The Schouburg was not the first sequel to Karel van Mander's work. Various authors had attempted to illustrate Van Mander's work and in 1649, Jan Meyssen published Image de divers hommes in imitation of Anthony van Dyck's Iconography. Cornelis de Bie published his Het Gulden Cabinet in 1662, André Félibien published his Entretiens sur les vies et sur les ouvrages des plus excellents peintres anciens et modernes in 1666, and these were followed by Jacob von Sandrart's illustrated Teutsche Akademie in 1668. Houbraken referenced Inleyding tot de Hooge Schoole der Schilderkonst, 1678, published by his teacher Samuel van Hoogstraten for students of art. Roger de Piles published L'Abrégé de la vie des peintres in the 1690s followed by Florent le Comte with his Cabinet des singularitez in 1699. As a gifted engraver, Houbraken aimed to address what he perceived as errors and omissions in earlier works, updating biographies with engraved portraits of artists. All of these works were used as sources for Houbraken and he mentions them in the first chapter of his first volume.

The Schouburg was published in three volumes, the first of which was simply meant as an addendum to Karel van Mander's work, and listed about 200 artists born between 1466 (starting with Erasmus) and 1613 (ending with Jacques van Artois) that had been omitted or whose lives extended beyond Van Mander's 1604 publication date. The popularity of this volume was such that a second volume was prepared immediately, while plans were made to continue the project up to the period in which Houbraken was writing at the start of the 18th century.

While leaning heavily on the sources already mentioned, Houbraken is reported to have consulted local history books from various cities in the Netherlands. Other, unpublished sources for his material came from various contacts via his professional network, mostly members of the Guild of St. Luke in Holland. He listed many men who became members of the Bentvueghels group in Rome while on their Grand Tour, but he also listed most of the men in a competency list drawn up by Vincent van der Vinne before he died in 1702. Houbraken used a system in which names in uppercase denoted greater prominence, while lowercase indicated lesser recognition.
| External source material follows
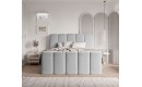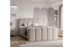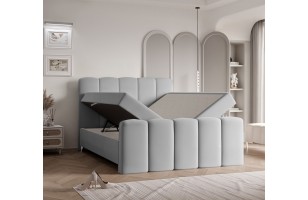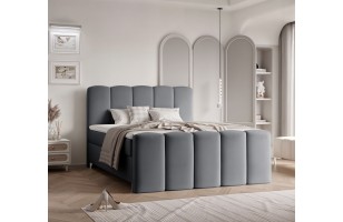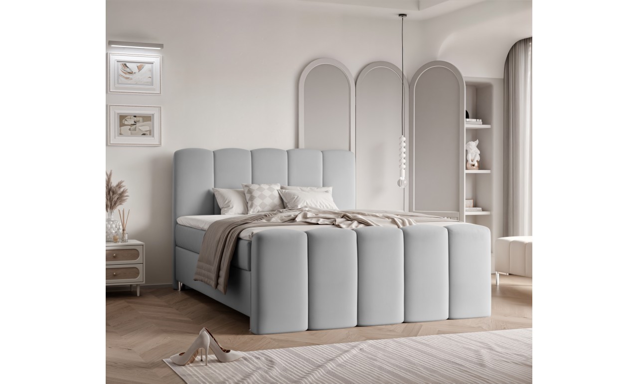 Łóżko kontynentalne VALENTINO to nowoczesna i stylowa propozycja dla osób ceniących komfort, jakość i estetykę. Model wyróżnia się zaokrąglonym zagłówkiem z pionowymi, tapicerowanymi panelami, które nadają mu wyjątkowego charakteru. Co więcej, efektowne panele tapicerowane znajdują się również z przodu i z tyłu łóżka, dzięki czemu prezentuje się ono doskonale i tworzy harmonijną, wyrafinowaną całość .

The index of the first volume is believed to have been incomplete at the time of publication. A later edition of all three books in 1756 contains an improved index and this book is now available online in the Digital library for Dutch literature.
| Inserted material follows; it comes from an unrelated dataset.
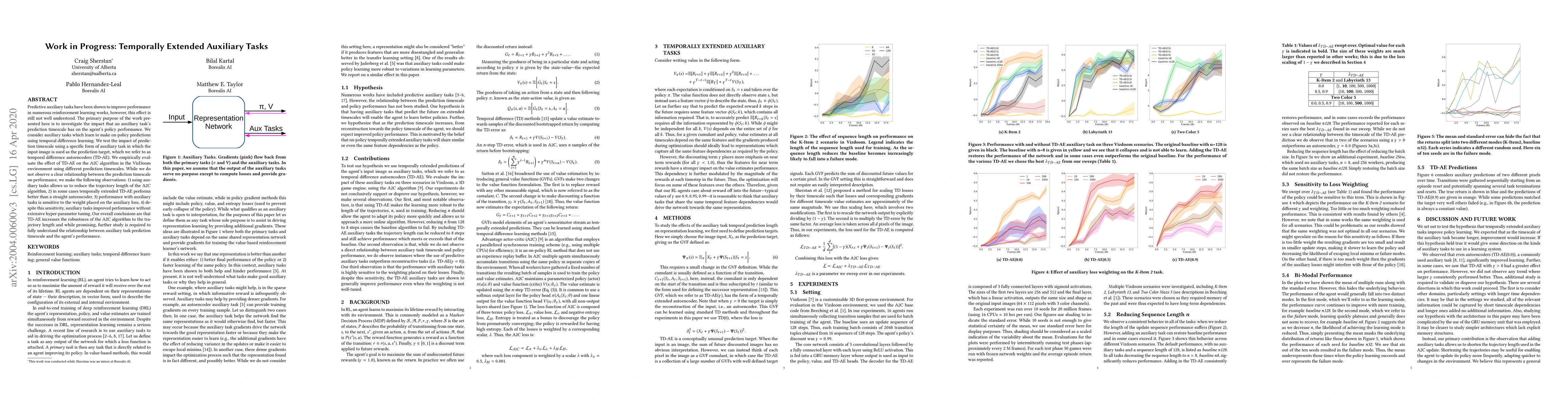 Predictive auxiliary tasks have been shown to improve performance in numerous reinforcement learning works, however, this effect is still not well understood. The primary purpose of the work presented here is to investigate the impact that an auxiliary task's prediction timescale has on the agent's policy performance. We consider auxiliary tasks which learn to make on-policy predictions using temporal difference learning. We test the impact of prediction timescale using a specific form of auxiliary task in which the input image is used as the prediction target, which we refer to as temporal difference autoencoders (TD-AE). We empirically evaluate the effect of TD-AE on the A2C algorithm in the VizDoom environment using different prediction timescales. While we do not observe a clear relationship between the prediction timescale on performance, we make the following observations: 1) using auxiliary tasks allows us to reduce the trajectory length of the A2C algorithm, 2) in some cases temporally extended TD-AE performs better than a straight autoencoder, 3) performance with auxiliary tasks is sensitive to the weight placed on the auxiliary loss, 4) despite this sensitivity, auxiliary tasks improved performance without extensive hyper-parameter tuning. Our overall conclusions are that TD-AE increases the robustness of the A2C algorithm to the trajectory length and while promising, further study is required to fully understand the relationship between auxiliary task prediction timescale and the agent's performance.

== Characteristic features ==
=== Notable omissions ===
Several painters now considered highly significant are absent or briefly mentioned in Houbraken's work, reflecting differences in artistic priorities between his era and today; the most notorious omission is Jan Vermeer, who is mentioned once in passing. Other notorious omissions are Jan van de Cappelle, Judith Leyster, Jan Wynants, Jacobus Mancadan, and Hendrick Avercamp. While Vermeer, Ruysch, and Leyster are mentioned, they are only briefly touched upon. Only ten women received their own biographies in the work, while fourteen more are mentioned in the biographies of other artists.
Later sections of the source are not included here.